I have been critical of some of this guy's videos in the past but this one has a lot of good advice. Sure the shoe thing is harder if you have no training but the rest is good, and if shoes are all you have ... then go for it.  But first and foremost, don't take on a knife unless it is the only option.


----------



## Bill Mattocks (Nov 14, 2012)

K-man said:


> I have been critical of some of this guy's videos in the past but this one has a lot of good advice. Sure the shoe thing is harder if you have no training but the rest is good, and if shoes are all you have ... then go for it.  But first and foremost, don't take on a knife unless it is the only option.



I don't disagree with the use of sneakers per se, but rather I question how capable most people would be of getting them off their feet and in-hand in the time it takes for a knife-wielding attacker to come at you with his blade.  I'm not seeing it, myself.  Perhaps others can get their Romper Stompers off faster than I can.


----------



## Josh Oakley (Nov 14, 2012)

AT4. Problem solved.

Sent from my DROID RAZR using Tapatalk 2


----------



## Bill Mattocks (Nov 14, 2012)

Josh Oakley said:


> AT4. Problem solved.
> 
> Sent from my DROID RAZR using Tapatalk 2



Uh, what?


----------



## oaktree (Nov 14, 2012)

I prefer to use an open hand when striking Calvin klein
 Models with knives. I know another way to deal with
Models and knives is to keep moving left. 
Well they do remind me of models...
But again good video.


----------



## Monkey Turned Wolf (Nov 14, 2012)

Bill Mattocks said:


> I don't disagree with the use of sneakers per se, but rather I question how capable most people would be of getting them off their feet and in-hand in the time it takes for a knife-wielding attacker to come at you with his blade.  I'm not seeing it, myself.  Perhaps others can get their Romper Stompers off faster than I can.


This is the same problem I have. Really like the video, and his other advice, and hey! if you're able to get a shoe off it's better than following other advice on youtube you've never practiced. Just personally don't think I could take it off in time.


----------



## arnisador (Nov 14, 2012)

Bill Mattocks said:


> I don't disagree with the use of sneakers per se, but rather I question how capable most people would be of getting them off their feet and in-hand in the time it takes for a knife-wielding attacker to come at you with his blade.  I'm not seeing it, myself.

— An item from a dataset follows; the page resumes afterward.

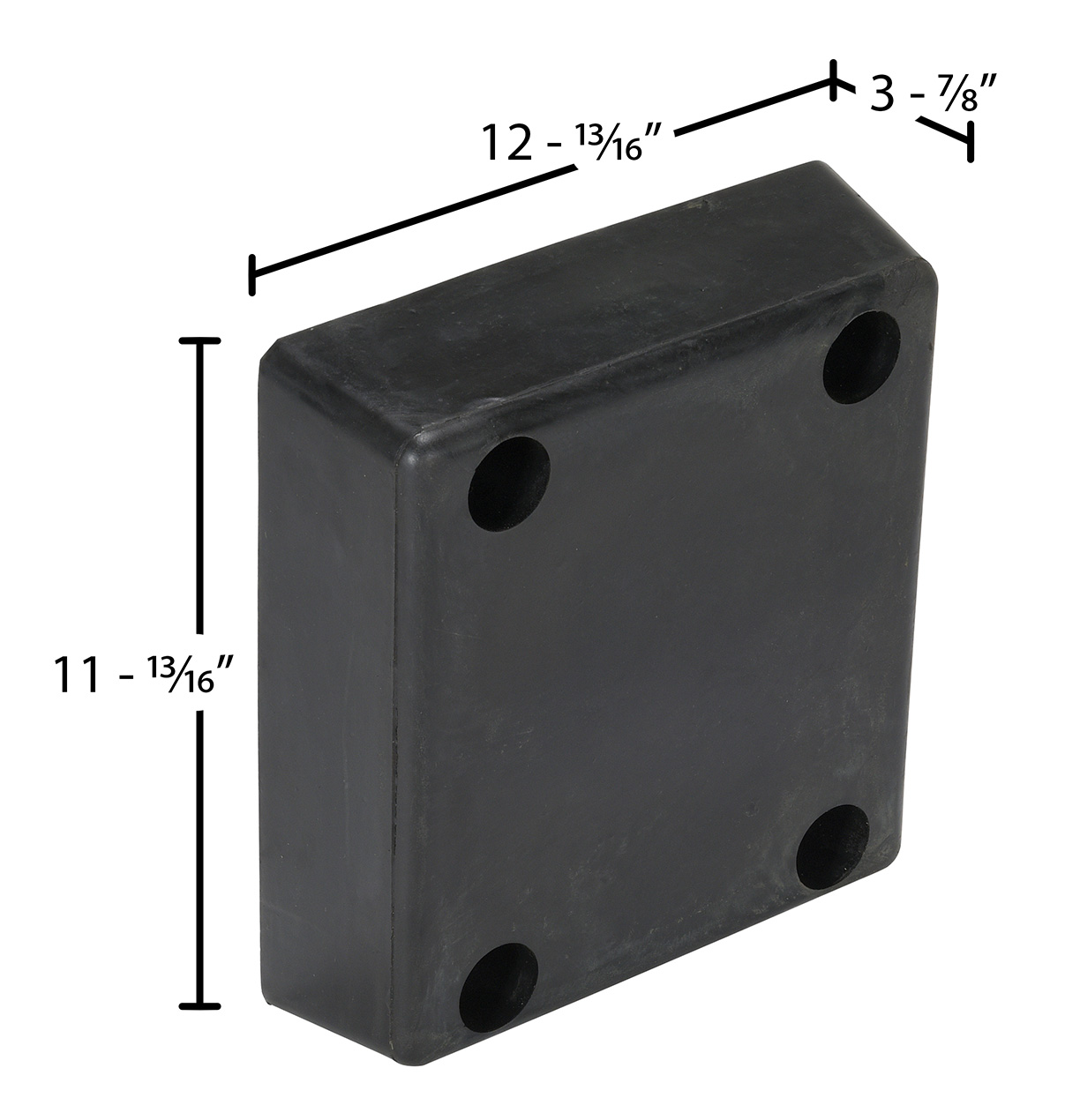 Rubber Molded Bumper 12-13/16 In. x 11-13/16 In. x 3-7/8 In. BlackThe specialty molded Dock Bumper is manufactured from fiber reinforced prime rubber containing nylon and polyester. This molded bumper is built to endure years of abusive pounding. Bumper has pre-drilled countersunk mounting holes for easy installation. The installation hardware is available separately.

Same here. Fine in theory, less so in reality. If you have that much time...run.


----------



## Takai (Nov 15, 2012)

Josh Oakley said:


> AT4. Problem solved.
> 
> Sent from my DROID RAZR using Tapatalk 2



I would have a hard enough time getting my shoes off in time. I doubt I would have time to pull out an Anti-Tank Weapon.


----------



## Monkey Turned Wolf (Nov 16, 2012)

Takai said:


> I would have a hard enough time getting my shoes off in time. I doubt I would have time to pull out an Anti-Tank Weapon.


Clearly you're supposed to be carrying it fully loaded every time you leave your house. I mean, how else could you possibly prepare yourself against a knife attack? Unless they come from behind you...then your still kinda screwed...


----------



## Takai (Nov 16, 2012)

kempodisciple said:


> Clearly you're supposed to be carrying it fully loaded every time you leave your house. I mean, how else could you possibly prepare yourself against a knife attack? Unless they come from behind you...then your still kinda screwed...



Carrying it loaded isn't the problem. The darn thing always seems to stuck when I try to get it out of a pocket. Kinda like my car keys....


----------



## RTKDCMB (Mar 30, 2013)

arnisador said:


> Same here. Fine in theory, less so in reality. If you have that much time...run.



And it would be harder to run when you have no shoes on. Also I don't think you would want to take your shoes off if you were on a surface that was hard on the feet e.g had broken glass on it.


----------



## chinto (Mar 30, 2013)

most of the advise is not bad really... the biggest problem is that most times a knife is in the mix its an AMBUSH and the first thing you know about that knife your cut or stabbed.  But, if you see the blade I think none of the advice was bad but not sure you have time to make the shoe thing work.


----------